Weniger Engagement findet man in Großstädten und bei Menschen in prekären Erwerbspositionen (Arbeitslosigkeit, befristete Beschäftigung).
- Welche Faktoren begünstigen bürgerschaftliches Engagement?
Corsten: Die Bereitschaft zum bürgerschaftlichen Engagement hängt eng mit den sinkenden sozialen Netzwerken im Umfeld einer Person zusammen. Auf dem Land oder in kleineren Städten besitzen Menschen mehr soziale Beziehungen (Familie, Freunde, Bekannte) – auch eine stabile Berufstätigkeit stärkt den sozialen Zusammenhalt. In Städten und in unsicheren Beschäftigungsverhältnissen sinkt der soziale Zusammenhalt und darüber die Neigung, sich für andere einzusetzen.
- Können Bürgerstiftungen Ausgangspunkte für vernetztes Engagement in einer Region sein? Wie wichtig sind Strukturen und Organisationen, die ehrenamtliche Arbeit koordinieren und neue Engagierte motivieren?

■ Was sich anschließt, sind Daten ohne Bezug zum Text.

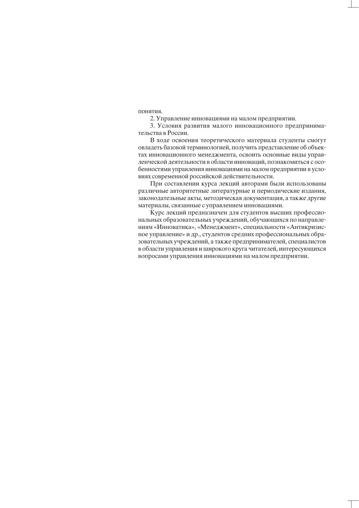 Управление малым бизнесом на основе инноваций: курс лекций: учеб. пособие

Corsten: Stiftungen sind in der Regel Ausdruck dafür, dass auch finanzstarke Akteure in einer Region bereit sind, einen Teil ihres Vermögens sozialen Projekten zur Verfügung zu stellen. Inwiefern soziale Projekte, die aus Stiftungen entstehen, dann weitere Akteure aus der Region zu freiwilligen Aktivitäten motivieren, hängt von der Passung der Inhalte zum Charakter und den Bedürfnissen einer Region ab, auch von den Strukturen, die dort existieren. Wie arbeiten (neue) Stiftungen mit Verbänden, Vereinen und Bürgerinitiativen zusammen? Erkennen Sie Trends oder stützen sie Projekte, die zwar äußerlich renommiert scheinen, aber letztlich doch eher „Auslaufmodelle“ sind? Wichtig ist das kulturelle Verständnis und Selbstbild einer Region. Wie verstehen sich die Förderer und Stifter als Bürger? Mit welchen Traditionen, kulturellen und sozialen Entwicklungen sehen sie sich verbunden? Wie nah sind sie den aktuellen Prozessen?

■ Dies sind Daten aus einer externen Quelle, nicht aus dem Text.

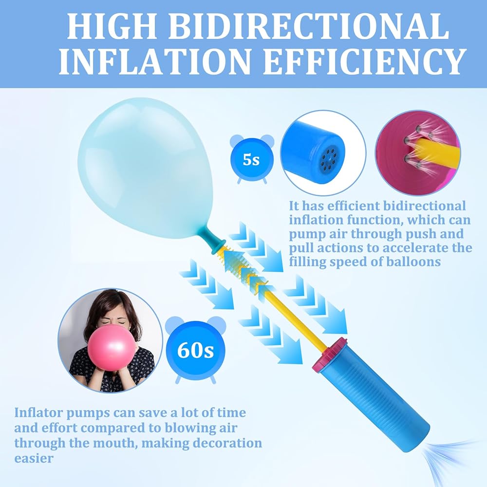 Balloon Pump Hand 3pcs Two-Way Dual Action -Balloon Hand Pump Manual Air Blower for Balloons for Latex, Aluminum Foil Balloons, Swimming Rings and Inflatable Mattresses (Blue Pink/1.9 * 10.8 Inches)

- Was sagt die Stiftungsdichte über das Engagement von Bürgern aus? In großen Städten wie Hannover kommen auf 100.000 Einwohner 58 Stiftungen, in Olden-burg 64– in Dresden nur 20. Welche regionalen Entwicklungen stellen sie fest?
Corsten: Genau das ist die Frage, die sich oben schon andeutete. Ist die Stiftungsdichte nur ein Ausdruck des ökonomischen Kapitals, das in einer Region für soziale Projekte aufgebracht werden kann oder zeigt sie, dass durch Stiftungen unterstützte Projekte auch an die kulturellen Entwicklungen einer Region anknüpfen und diese fördern können? Liegen deshalb automatisch „reiche“ Städte vorne in der Stiftungsdichte? Deckt sich die Stiftungsdichte etwa mit der Vereinsdichte einer Stadt? Dann müsste Göttingen weiter oben liegen. Der Schlüssel liegt in einer Wechselbeziehung. Die Region muss finanzstarke Akteure motivieren, sich an den lokalen Projekten zu beteiligen, umgekehrt bedarf es bei den Stiftern Akteure, die sich mit dem Verständnis der Region zu identifizieren vermögen.
- Sie erarbeiten derzeit mit Wissenschaftlern aus Jena „sozialmoralische Landkarten“. Was haben Sie herausgefunden?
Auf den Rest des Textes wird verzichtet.